Without the images, repeat every line of the listing verbatim.

──────── Data section

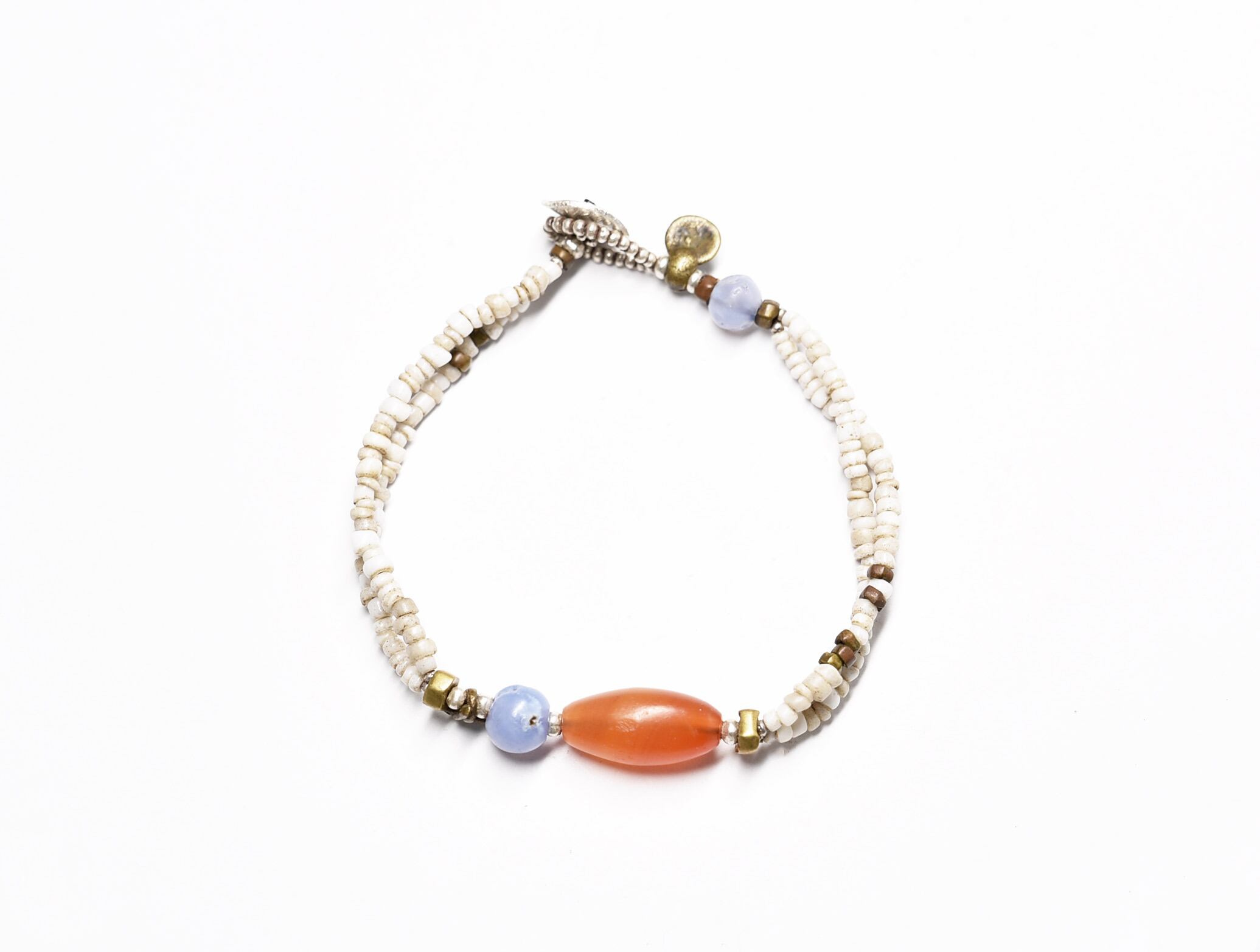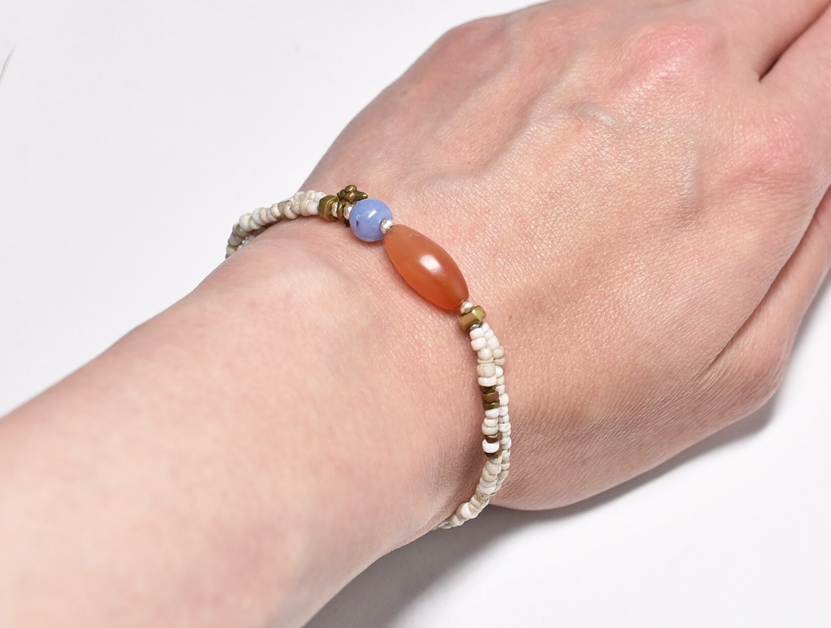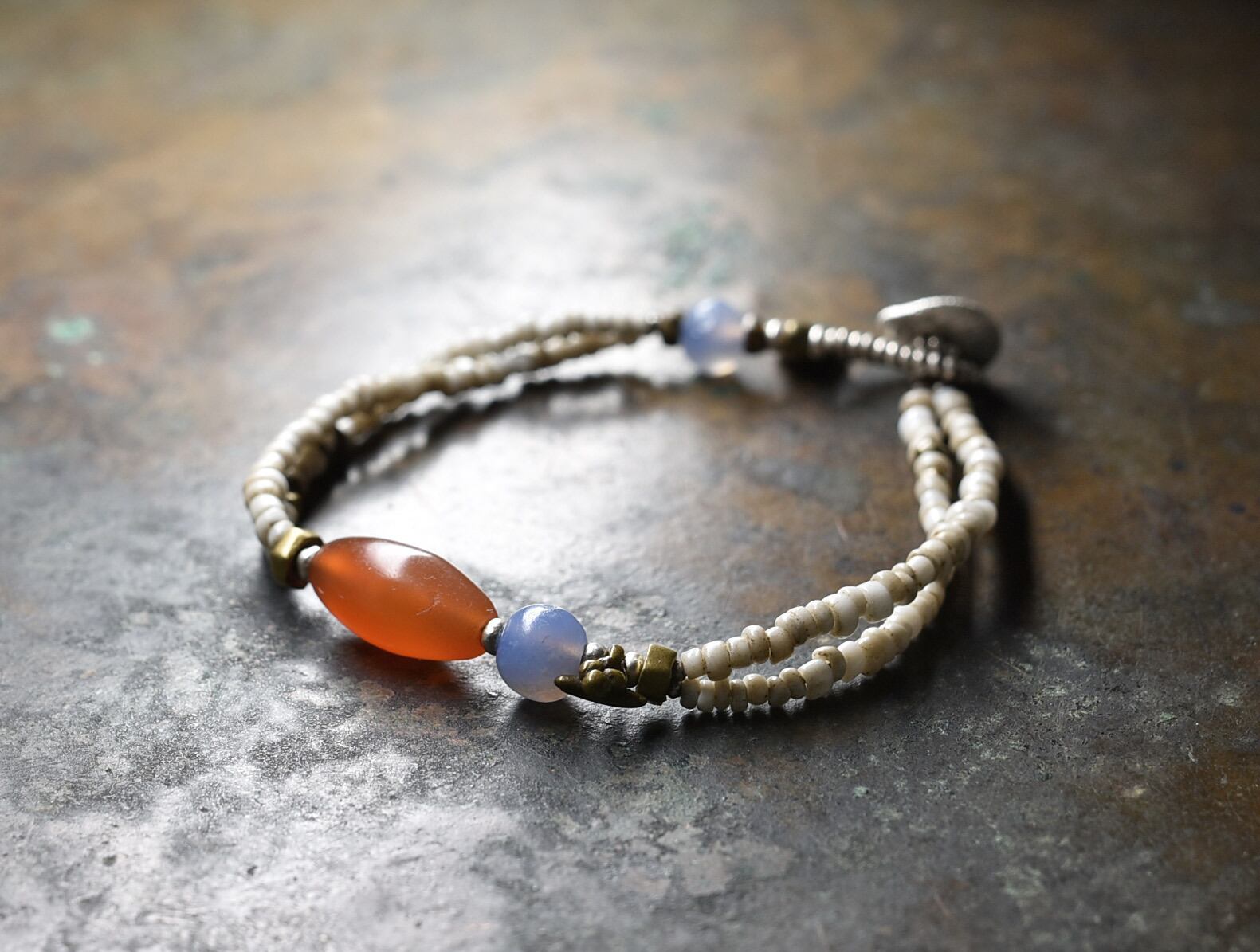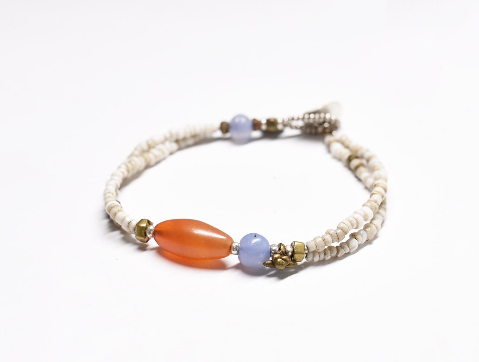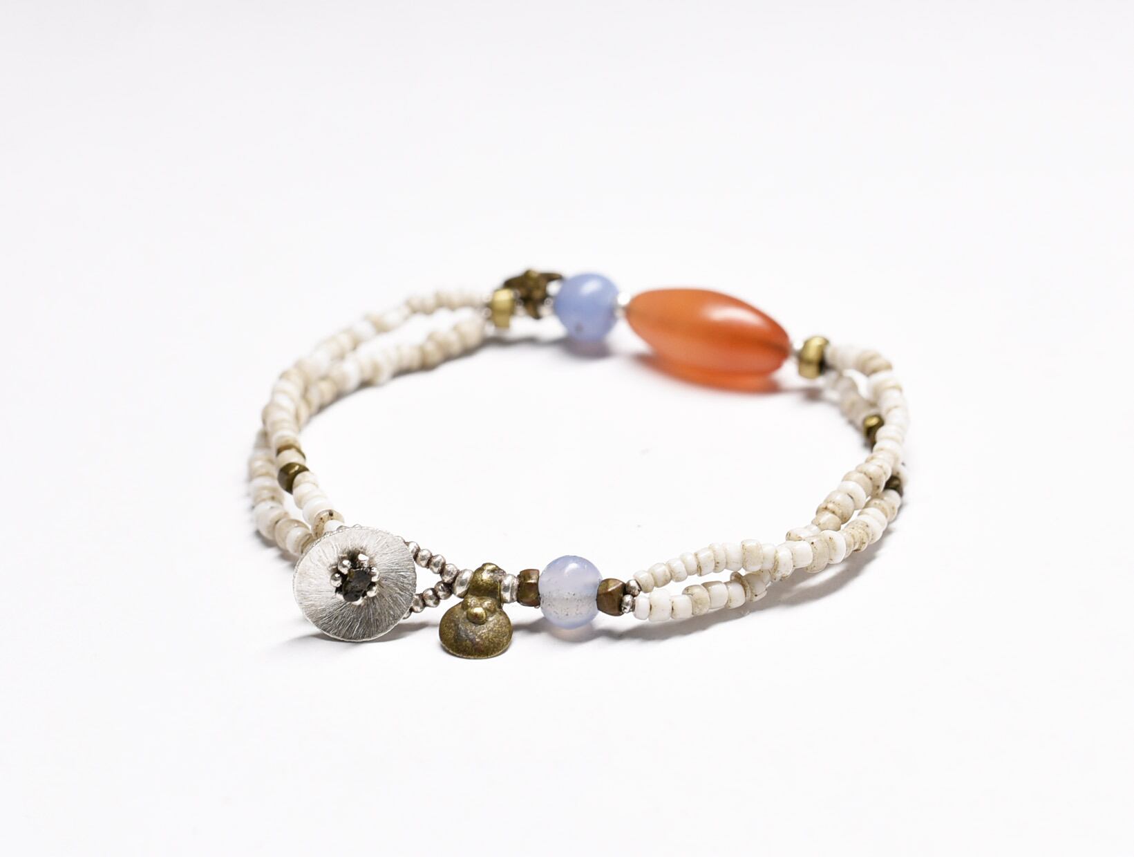 古代カーネリアン、古代ブルーレース、アンティークホワイトビーズ、oldオリッサブラス、カレンシルバーを繋いだ2連のブレスです。
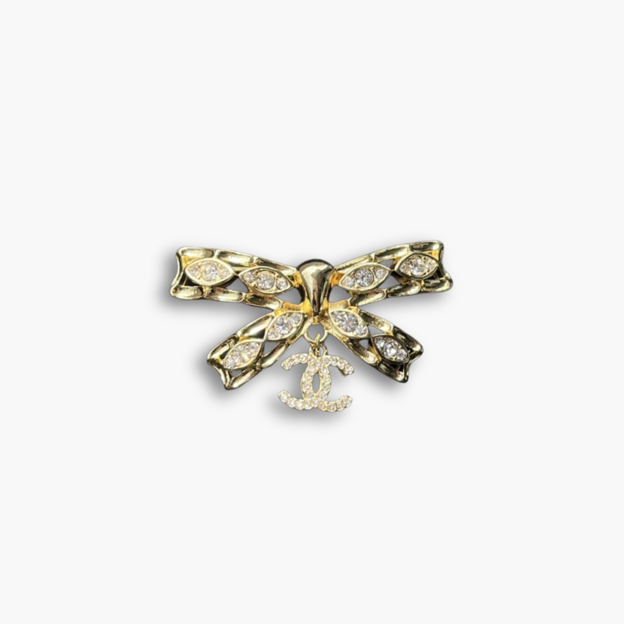 This brooch is extremely attractive for its delicate, feminine bow shape, which features an intricate gold-tone openwork design inlaid with brilliant marquise-cut crystals. The addition of a small, shimmering dangling CC charm adds playful movement and instantly identifies the piece as a luxurious and elegant accessory.
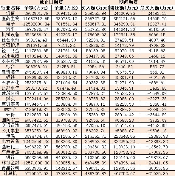 表:8月15日申萬一級行業(yè)兩融交易情況
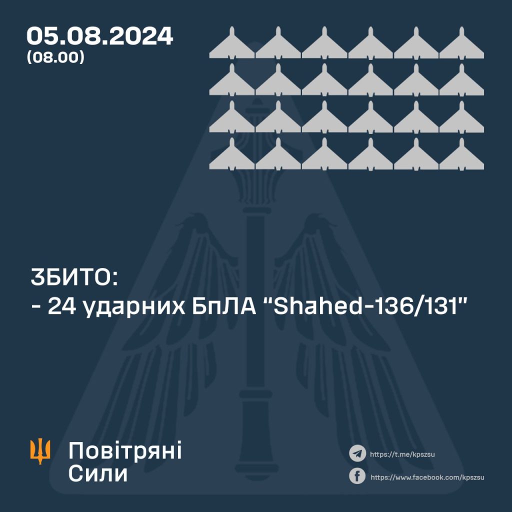 Между тем, в ночь на понедельник российский агрессор атаковал Украину ударными беспилотниками типа Shahed. Атака произошла из районов Приморско-Ахтарского и Курского (рф). Все вражеские беспилотники были успешно уничтожены мобильными огневыми группами Сил обороны Украины, зенитными ракетными подразделениями и средствами радиоэлектронной борьбы Воздушных сил.
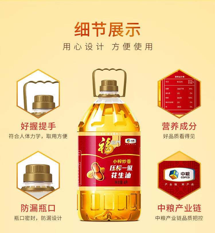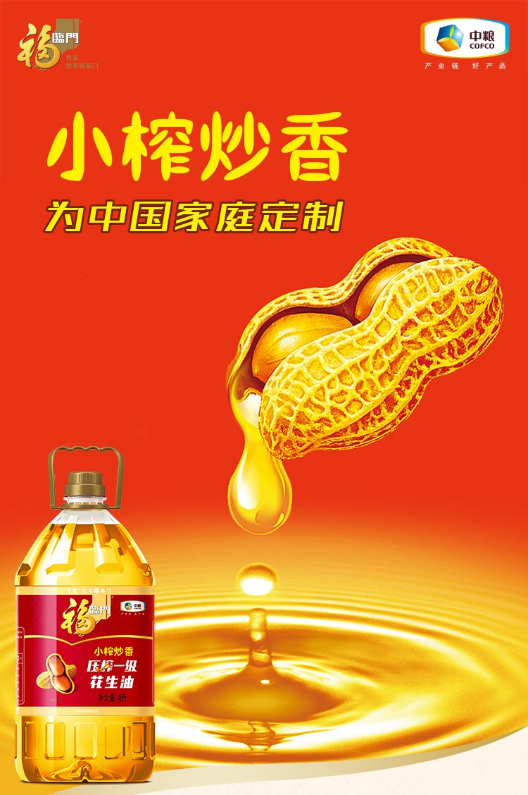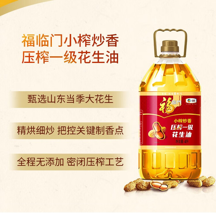 商品名称:中粮福临门小榨炒香压榨一级花生油4L
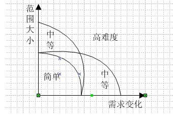 如對(duì)于一些成長(zhǎng)型的企業(yè),他們由于業(yè)務(wù)、客戶等等都處于一個(gè)成長(zhǎng)期,所以在項(xiàng)目的實(shí)施過(guò)程中,這個(gè)需求變化可能會(huì)比較頻繁。根據(jù)筆者的經(jīng)驗(yàn),一個(gè)成長(zhǎng)型的企業(yè),從需求提出到最后項(xiàng)目上線,中間可能50%以上的需求會(huì)進(jìn)行不同程度的調(diào)整。毋庸置疑,這就會(huì)給項(xiàng)目帶來(lái)不少的挑戰(zhàn)。從理論上說(shuō),實(shí)施顧問(wèn)遇到這種情況,應(yīng)該建議企業(yè)先暫時(shí)擱置這個(gè)項(xiàng)目。等到需求穩(wěn)定了,再上這個(gè)項(xiàng)目。但是實(shí)施顧問(wèn)往往不會(huì)這么做,因?yàn)檫@會(huì)影響到他們自己企業(yè)的業(yè)績(jī)。為此實(shí)施顧問(wèn)在遇到這種情況的時(shí)候,只有退而求其次了。即當(dāng)需求變化比較大的時(shí)候,只有通過(guò)縮小項(xiàng)目的范圍,來(lái)減少需求的絕對(duì)數(shù)量。需求的絕對(duì)數(shù)量減少了,那么需求的變化量也會(huì)降低。從而可以達(dá)到降低項(xiàng)目難度的目標(biāo),可以將項(xiàng)目的難度設(shè)置在中等難度這個(gè)級(jí)別。

────────────────

● **Finished task**:
 古代カーネリアン、古代ブルーレース、アンティークホワイトビーズ、oldオリッサブラス、カレンシルバーを繋いだ2連のブレスです。
 This brooch is extremely attractive for its delicate, feminine bow shape, which features an intricate gold-tone openwork design inlaid with brilliant marquise-cut crystals. The addition of a small, shimmering dangling CC charm adds playful movement and instantly identifies the piece as a luxurious and elegant accessory.
 表:8月15日申萬一級行業(yè)兩融交易情況
 Между тем, в ночь на понедельник российский агрессор атаковал Украину ударными беспилотниками типа Shahed. Атака произошла из районов Приморско-Ахтарского и Курского (рф). Все вражеские беспилотники были успешно уничтожены мобильными огневыми группами Сил обороны Украины, зенитными ракетными подразделениями и средствами радиоэлектронной борьбы Воздушных сил.
 商品名称:中粮福临门小榨炒香压榨一级花生油4L
 如對(duì)于一些成長(zhǎng)型的企業(yè),他們由于業(yè)務(wù)、客戶等等都處于一個(gè)成長(zhǎng)期,所以在項(xiàng)目的實(shí)施過(guò)程中,這個(gè)需求變化可能會(huì)比較頻繁。根據(jù)筆者的經(jīng)驗(yàn),一個(gè)成長(zhǎng)型的企業(yè),從需求提出到最后項(xiàng)目上線,中間可能50%以上的需求會(huì)進(jìn)行不同程度的調(diào)整。毋庸置疑,這就會(huì)給項(xiàng)目帶來(lái)不少的挑戰(zhàn)。從理論上說(shuō),實(shí)施顧問(wèn)遇到這種情況,應(yīng)該建議企業(yè)先暫時(shí)擱置這個(gè)項(xiàng)目。等到需求穩(wěn)定了,再上這個(gè)項(xiàng)目。但是實(shí)施顧問(wèn)往往不會(huì)這么做,因?yàn)檫@會(huì)影響到他們自己企業(yè)的業(yè)績(jī)。為此實(shí)施顧問(wèn)在遇到這種情況的時(shí)候,只有退而求其次了。即當(dāng)需求變化比較大的時(shí)候,只有通過(guò)縮小項(xiàng)目的范圍,來(lái)減少需求的絕對(duì)數(shù)量。需求的絕對(duì)數(shù)量減少了,那么需求的變化量也會(huì)降低。從而可以達(dá)到降低項(xiàng)目難度的目標(biāo),可以將項(xiàng)目的難度設(shè)置在中等難度這個(gè)級(jí)別。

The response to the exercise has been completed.